Bile Salts at Low pH Cause Dilation of Intercellular Spaces in In Vitro Stratified Primary Esophageal Cells, Possibly by Modulating Wnt Signaling.

BACKGROUND: The presence of dilated intercellular spaces in the stratified squamous lining of the esophagus is the pathognomonic feature of reflux esophagitis secondary to gastroesophageal reflux disease (GERD). In addition to stomach acid, bile salts are major constituents of gastroesophageal refluxate. The aim of our study was to determine the effect of bile salts cocktail at different pHs on epithelial junctions in an in vitro transwell model of stratified esophageal squamous epithelium. DISCUSSION: Human telomerase reverse transcriptase (hTERT) immortalized primary esophageal EPC1 cells were grown on polyester transwell surfaces in calcium-enriched media. The cells exhibited gradual stratification into an 11-layered squamous epithelium over 7 days, together with epithelial barrier function as indicated by increased transepithelial electrical resistance (TEER). This stratified epithelium demonstrated well-formed tight junctions, adherens junctions, and desmosomes as visualized by immunofluorescence and electron microscopy. When exposed to short pulses of bile salts at pH 5, but not either condition alone, there was loss of stratification and decrease in TEER, concomitant with disruption of adherens junctions, tight junctions, and desmosomes, leading to the appearance of dilated intercellular spaces. At the cellular level, bile salts at pH 5 activated the Wnt pathway (indicated by increased β-catenin Ser552 phosphorylation).
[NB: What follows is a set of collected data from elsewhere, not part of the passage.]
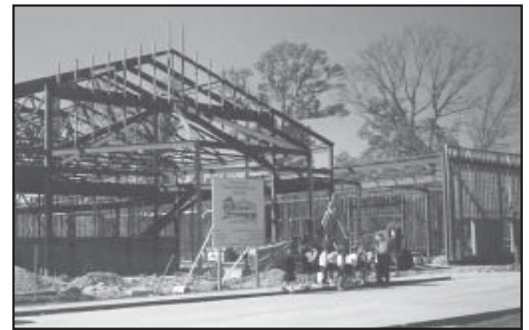
Top: The floor plan of the Visual and Performing Arts Center. Above left and above right: two stages in the construction of the VPAC. Right: Workers prepare to tear down the rectory, which was located in the spot where the VPAC now stands. The offices that had been housed in the rectory are now located in the Alumni House, which opened in the fall of 2000.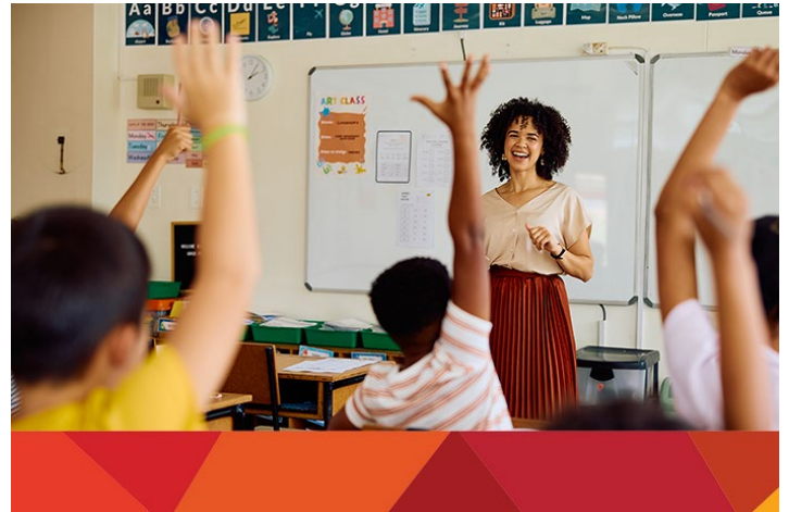
Educator Open House: DTLs & Teachers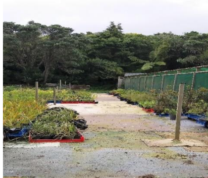
"Outside the Whareparekereke/Native Nursery"

schools and community organisations and we have a matauranga space which caters to NHEWOP's Planting project, educating groups about plants and specializes in Natives used in Maori arts such as Raranga, Rongoa and Kai. For more information contact us on - kaitari@nhewop.org.nz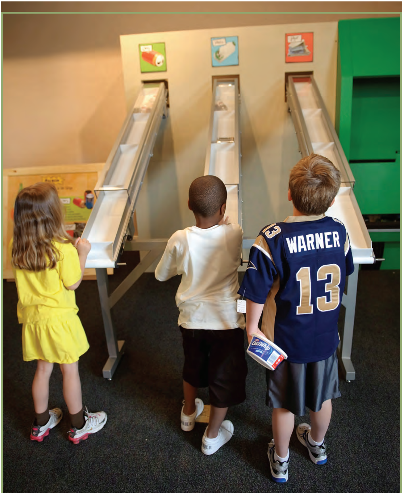
Take on the role of workers in a recycle center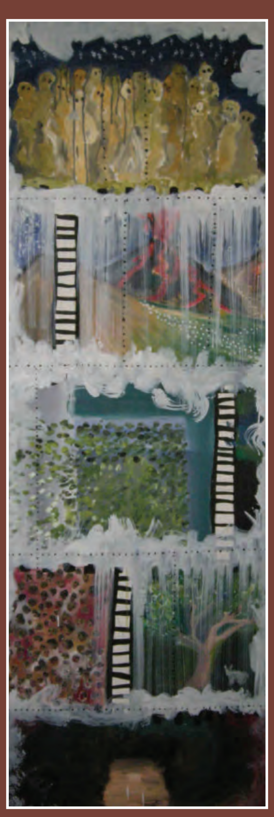
Untitled Oil on Canvas 2008

CONCLUSION: In conclusion, in our in vitro transwell model bile salts at pH 5, but not bile salts or media at pH 5 alone, modulate Wnt signaling, disrupt different junctional complexes, and cause increased permeability of stratified squamous esophageal epithelium. These changes approximate the appearance of dilated intercellular space similar to that found in GERD patients.